I had several different Masters in the one hour a week devoted to religious instruction (outside of daily chapel).  The first one just plodded through the third Book of Kings.  The second, a tough little Yorkshireman, who had the virtue of being very definite and outspoken in everything he said, once exposed to us Descartes' proof of his own and God's existence.  He told us that as far as he was concerned, that was the foundation of what religion meant to him.  I accepted the Cogito ergo sum with less reserve than I should have, although I might have had enough sense to realize that any proof of what is self-evident must necessarily be illusory.  If there are no self-evident first principles, as a foundation for reasoning to conclusions that are not immediately apparent, how can you construct any kind of philosophy?  If you have to prove even the basic axioms of your metaphysics, you will never have a metaphysics, because you will never have any strict proof of anything, for your first proof will involve you in an infinite regress, proving that you are proving what you are proving and so on, into the exterior darkness where there is wailing and gnashing of teeth.  If Descartes thought it was necessary to prove his own existence, by the fact that he was thinking, and that his thought therefore existed in some subject, how did he prove that he was thinking in the first place?  But, as to the second step, that God must exist because Descartes had a clear idea of him--that never convinced me, then or at any other time, or now either.  There are much better proofs for the existence of God than that one.

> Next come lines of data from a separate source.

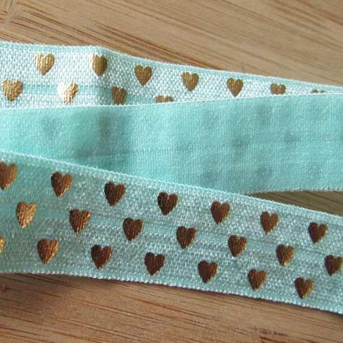 Vrolijk elastisch band met hartjesdessin in goud op effen achtergrond,
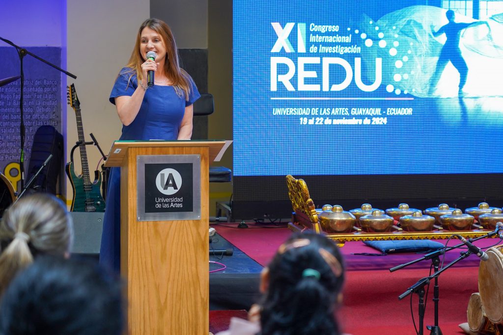 Durante la inauguración, la presidenta de la REDU y rectora de la Universidad de Cuenca, María Augusta Hermida, destacó el papel fundamental de la educación superior como pilar para el desarrollo cultural y social del Ecuador. En su intervención, señaló que las artes y la educación se convierten en una luz de esperanza y transformación para nuestra sociedad. Invito a todos los investigadores, artistas, gestores culturales y académicos a seguir apostando por el diálogo interdisciplinario, resaltando que es la oportunidad de transformar las aulas y los laboratorios en espacios de impacto para nuestras comunidades.
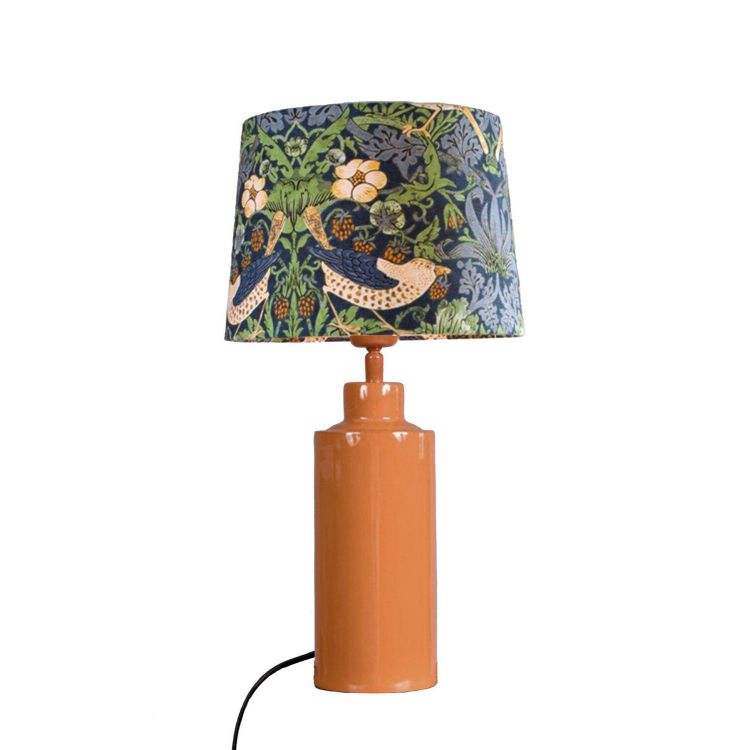 Solo-Leuchtensockel in hochglänzender denimblauer Ausführung mit einem zylinderförmigen weißen Schirm. Der Schirm ist 25 cm breit und 25 cm hoch und hat eine E27-Fassung. Der Lampenfuß ist 32cm hoch und die Gesamthöhe beträgt 55cm. 1,7m schwarzes Kabel mit Schalter und flachem EU-Stecker. E27-Fassung. Max. 40W. IP20. Leuchtmittel nicht enthalten.
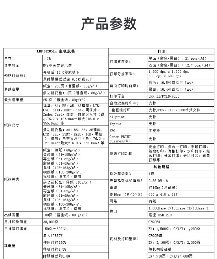 • 商品名称:佳能 CANON LBP623CDN (有线网络打印/自动双面打印/彩色) 激光打印机
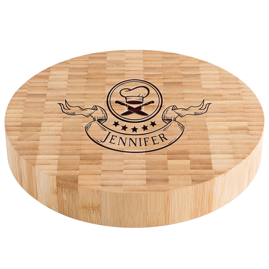 Personalized Chef Knife Bamboo Round Butcher Block Serving Board
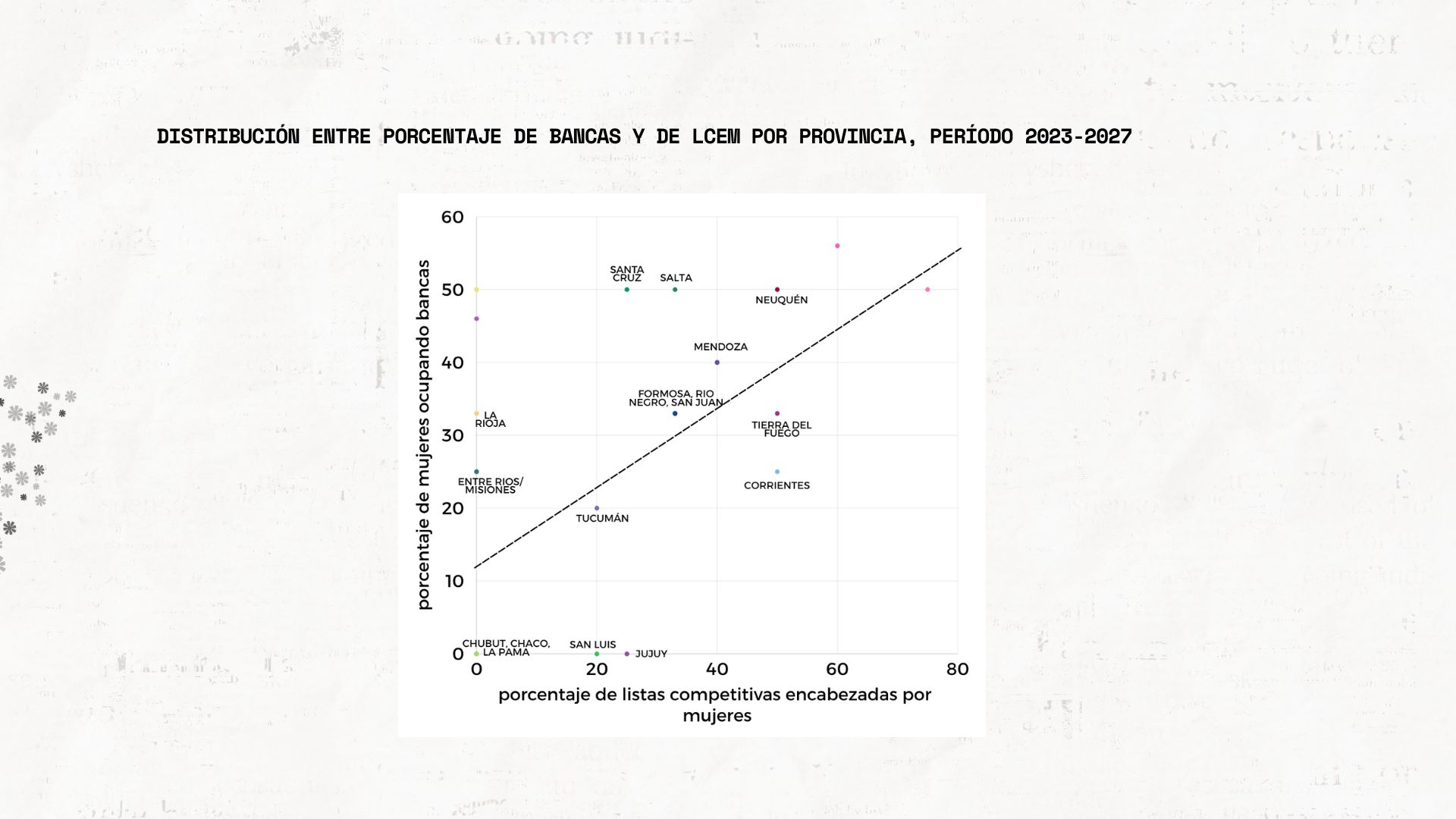 Este trabajo analiza las legislaturas provinciales y su grado de adecuación efectiva a los principios de paridad. Aunque las listas deben armarse con alternancia de género, los resultados no necesariamente reflejan ese equilibrio. Ocho provincias aún no superan el 45% de participación femenina en sus cámaras.
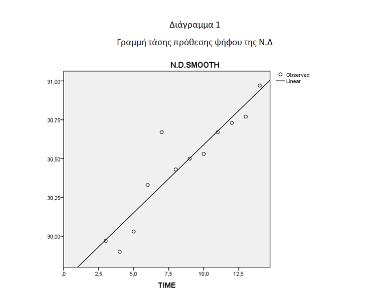 Η εξέλιξη των μεγεθών στο χρόνο παρουσιάζει κανονικότητες και οι σχετικές προβολές στο μέλλον με την κατάλληλη μεθοδολογία και τη χρήση αξιόπιστων δεδομένων παρέχουν ακριβείς εκτιμήσεις. Το γεγονός ότι τα δεδομένα της χρονολογικής σειράς που χρησιμοποιήθηκαν αποτελούν τον μέσο όρο οκτώ δημοσκοπήσεων κατά μήνα και όχι μιας μόνο παρέχουν καλύτερες προοπτικές επιτυχούς πρόβλεψης. Τέλος, δεν πρέπει να ξεχνάμε ότι τα χρησιμοποιούμενα δεδομένα προέρχονται από δειγματοληπτικές έρευνες (δημοσκοπήσεις) και επομένως υπόκεινται σε σχετικό σφάλμα.
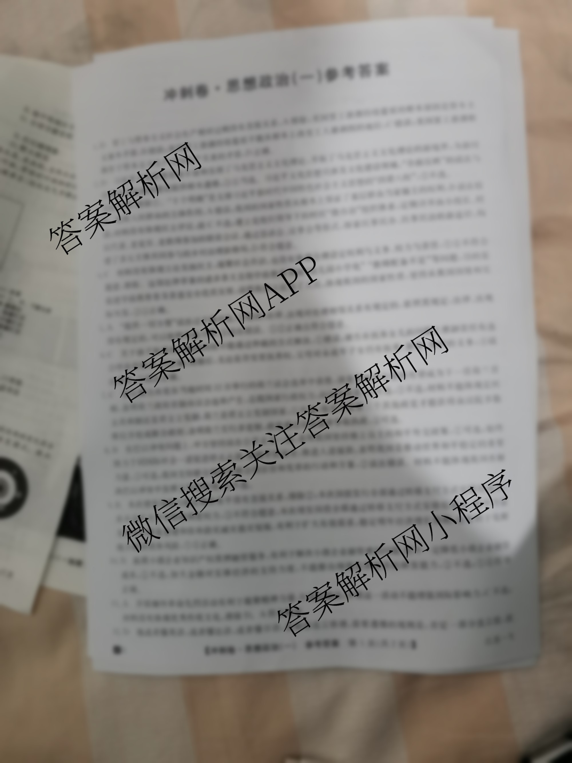 2024年江苏省普通高中学业水平选择性考试冲刺压轴卷(一)1政治(江苏)答案
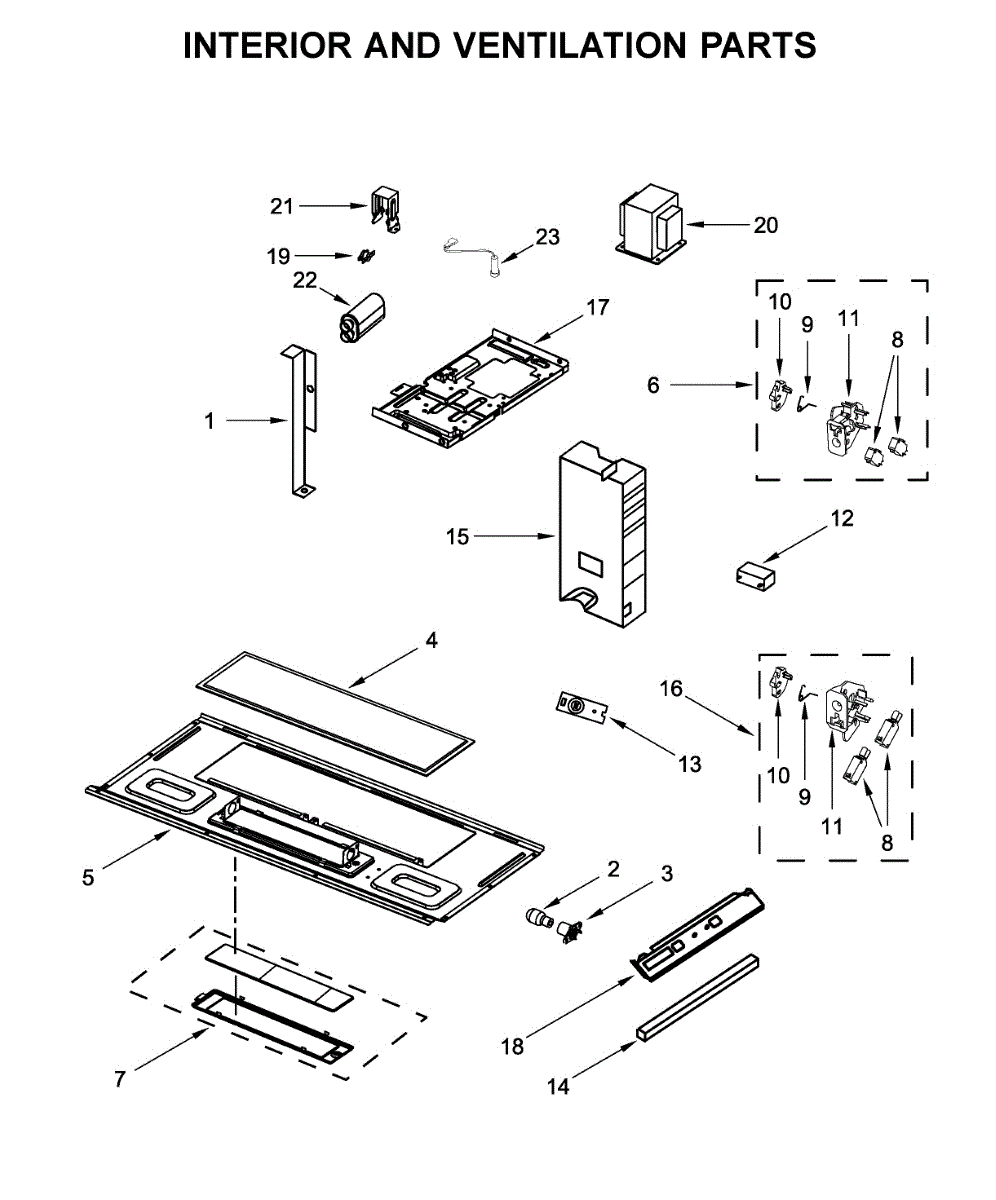 Parts for Whirlpool WMH31017FW1: Interior And Ventilation Parts
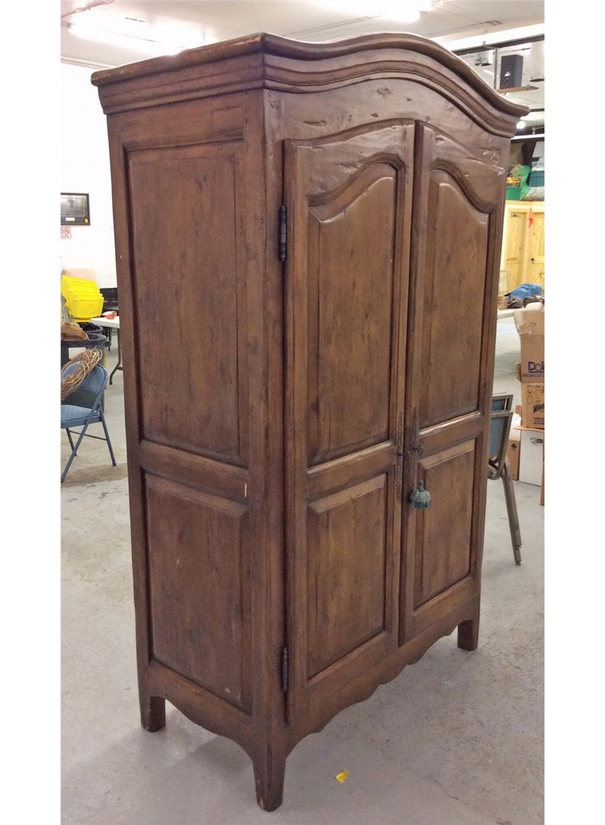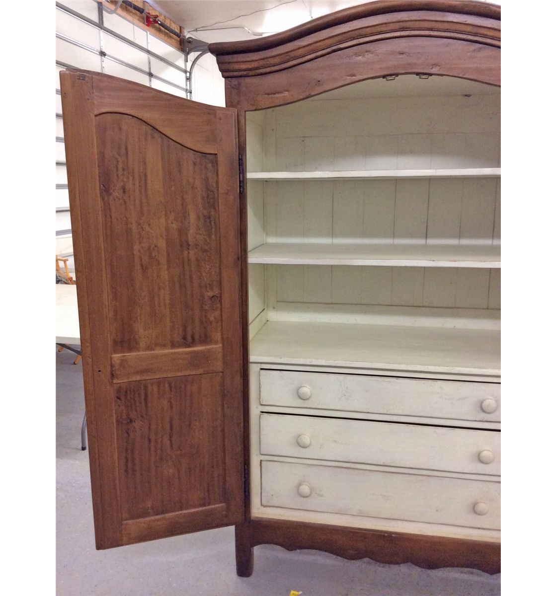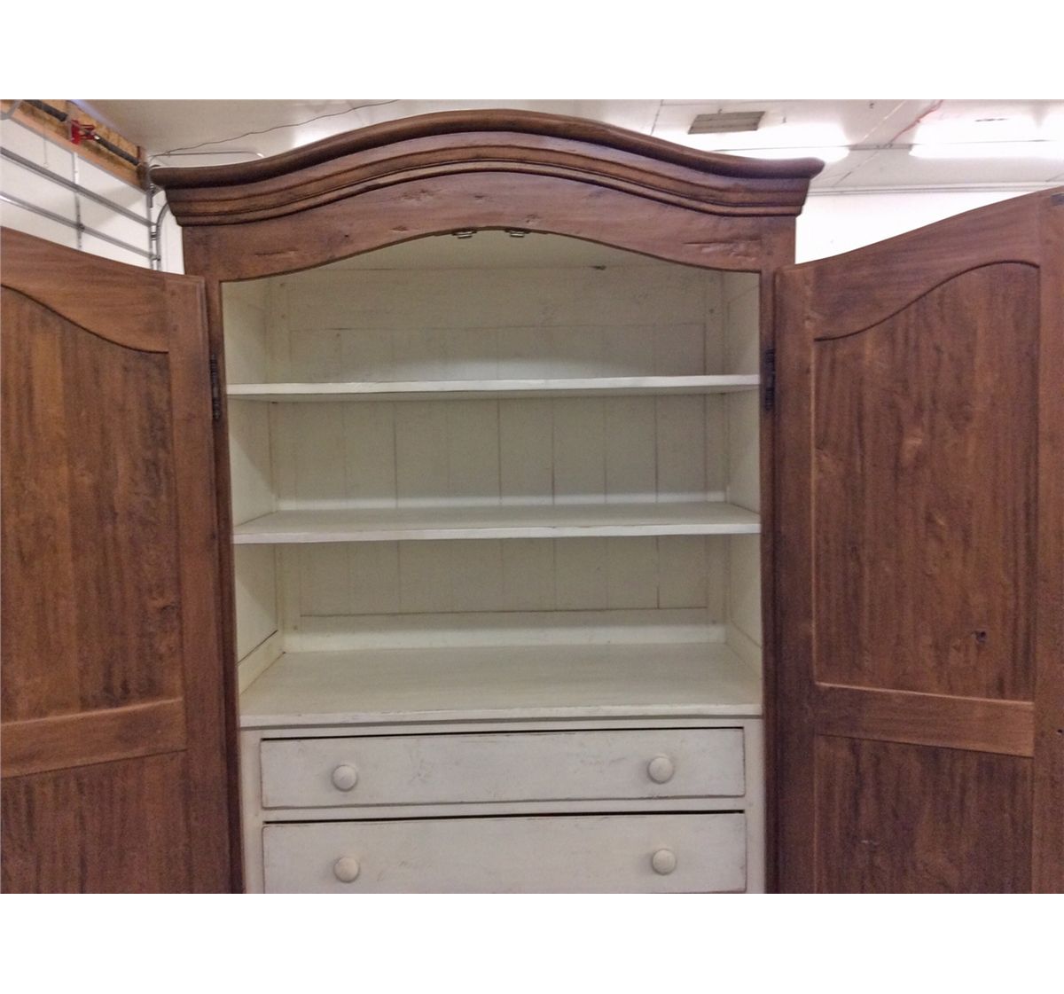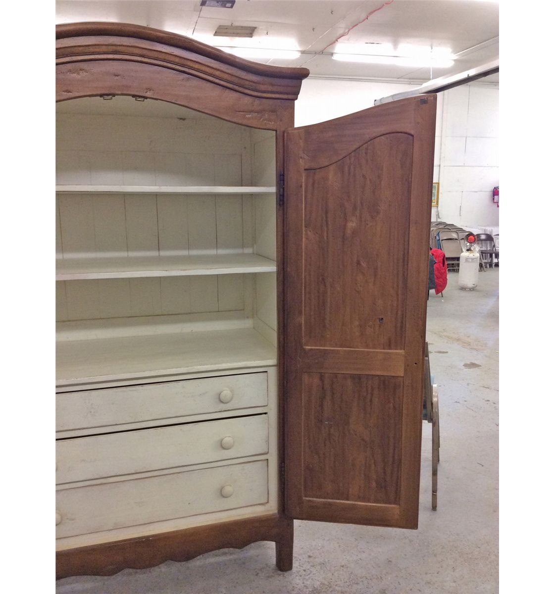 Maurice Armoire, The Farm House Collection, Style #4000048. 48 inch wide x 24 inch deep x 84 inch high. Normandy finish stain, No Motif, Three drawers, Two Adjustable shelves, full door, Doue White Interior

As for the Headmaster, when he gave us religious instruction, as he did in my last year or so at Oakham, he talked Plato, and told me to read A. E. Taylor, which I did, but under compulsion, and taking no trouble to try and understand what I was reading.

I think Merton is around 14- or 15-years-old when he is grappling with Plato and Descartes and proof of the existence of God.  While I can say that I had delved into Plato and Descartes when I was around 15 or so, I certainly didn't grasp any of the nuances of their ideas about the ideal or divinity.  No, being a cradle Catholic, I didn't ever really question the existence of God.  My view on religion was straight out of the Baltimore Catechism.  Question:  Who made you?  Answer:  God made me.  Question:  Who is God?  Answer:  God is the Divine Being who made all things.  Period.  End of discussion.

Of course, throughout my adult life, I have seriously grappled with questions about God and faith and goodness.  As a human being, subject to the slings and arrows of the world, I struggle with doubt.  It comes with the territory of spirituality, I believe.  I think a faith that is blind is dangerous.  It can lead to terrible acts committed in the name of religion.  If you don't believe me, check out Jonestown, the Crusades, Spanish Inquisition, Salem witch trials, and 9-11 attacks.  Blind faith taken to the extreme with disastrous results.

What I have learned in my years on this planet is that talking about God and faith in the abstract means absolutely nothing to me.  It's the actual action of God (some people call it grace) that compels me, invigorates my belief.  So, if you call yourself a follower of God or Yahweh or Buddha or Muhammad or Jesus, prove it.  Live a life of compassion and love and acceptance.  Don't judge people.  Help them.  Feed the hungry.  Respect the environment.  Care for the ill.  Shelter the homeless.  That is the true proof of the existence of a Creator.  When we do things that are bigger than ourselves.

Today, I had another miracle happen to me.  A huge act of grace and compassion from friends who know my family's struggles.  It humbled me and filled me with a true belief in grace.  I know this couple will read this post, and I want them to know that I am thankful beyond words (which is quite a statement, coming from a poet).  This wasn't an act of blind faith.  It was an act of mindful love.  And I am truly and devotedly speechless.

For those of you who are curious about what this miracle was, you are missing my point.  Be aware that there are people in this world who are prisms of compassion.  Testaments to the human action of God (in whatever form you believe) in the world.  That is my point.

And for that, Saint Marty is deeply, profoundly thankful.